Could Credit Card Surcharges Mean a Renaissance for Cash?

As part of a recent proposed settlement with credit card giants such as Visa and Mastercard, retailers will now be able to pass on the credit card surcharges [the charge incurred by the retailer when a transaction involves a credit card] to the customer.  The charges, usually 1-3%, used to be absorbed by businesses as operating costs.  Now it will be up to the discretion of the individual business owners whether they will decide to charge customers extra for using plastic.

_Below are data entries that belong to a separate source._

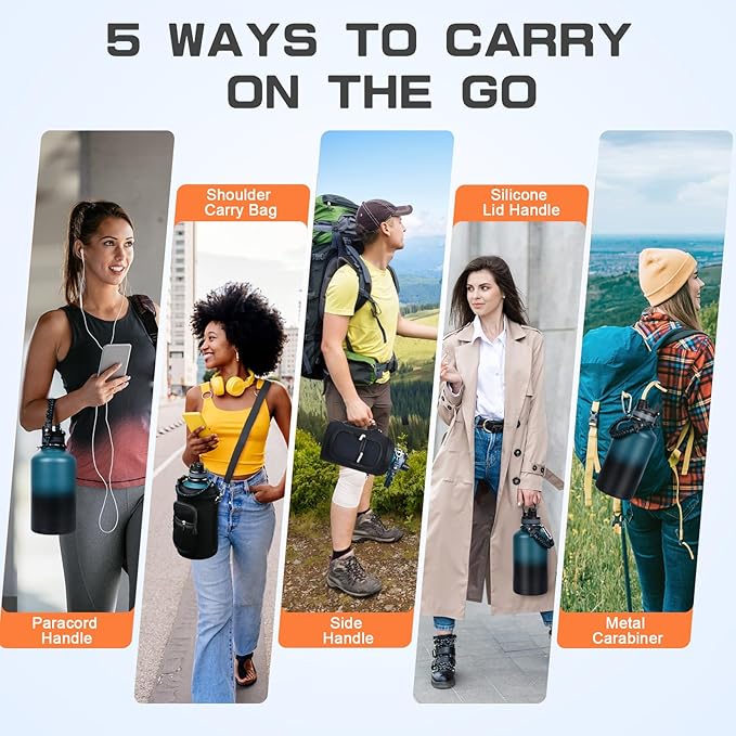 Insulated Water Bottle 64 oz, Half Gallon Water Jug Cold 48H, BPA Free Stainless Steel Bottles with Straw/Chug 2-in-1 Lid, Bag, Paracord Handle, Silicone Boot, Sports Gym School Metal Flask
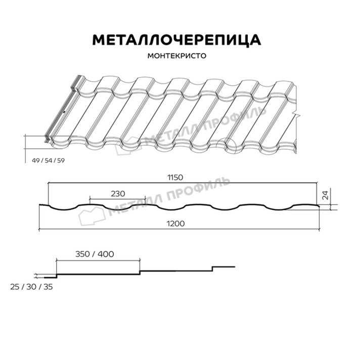 МОНТЕКРИСТО обладает целым рядом преимуществ. Это и незаметные стыки, изготовленные по технологии горизонтального 3D-реза, и модифицированная форма бокового замка, защищающая от протечек. Металлочерепица МОНТЕКРИСТО — это сочетание жёстких линий и скруглённых форм, которые гармонично будут сочетаться практически с любым дизайнерским решением — от модерна до хай-тек. Мы предлагаем потребителю возможность подобрать наиболее подходящее соотношение параметров кровли. Подобрать можно как высоту ступеньки (25/30/35 мм), так и её длину (350/400 мм). Большой спектр сочетаний призван удовлетворить персональные запросы покупателя.
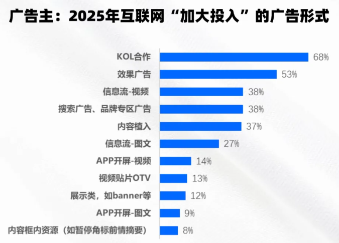 增投的广告形式,以微博为代表的社交媒体平台KOL和以视频号、抖音电商为代表的效果广告最高,增投比例分别为68%和53%。
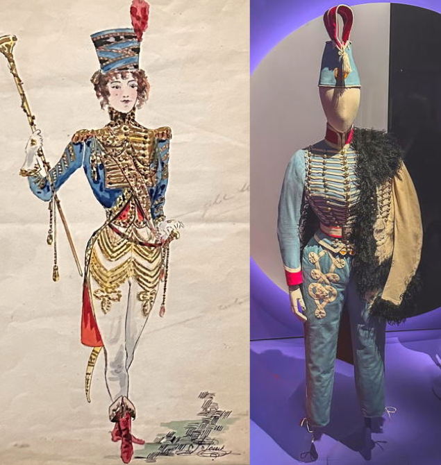 Kaksi näistä piirroksista on esillä näyttelyssä kauniisti kehystettyinä. Hyvä että ovat, mutta harmi ettei varsinaisia pukuja ole. Ensimmäisen kuvan alla lukee ”LASSITUDE Paul Poiret’n päivällispuku”. Kuva julkaistiin Gazette de Bon Tonissa 1912.

Although many store owners might not add the charges and continue to absorb the cost as a customer friendly measure, those who do will spark a change in how consumers think about credit cards.  Many consumers value the ease of credit card purchases over cash transactions, even for purchases for which they do not need to utilize the pay over time aspect.  However, it will be interesting to see whether they value this convenience at a now known and avoidable price, thus showing the elasticity of the price.  Price elasticity is an economic concept that analyzes the impact of price on demand for a good or service.  In this case, credit card usage has historically been high at a price to the consumer that is, or at least perceived to be, zero.  As the cost increases, usage will predictably drop, as some portion of the population finds the cost exceeds the benefit of the service.  The shiny new credit card might be put back into the cookie jar for “emergencies only,” while the dusty dollar bills or even the checkbook get to once again see the light of day.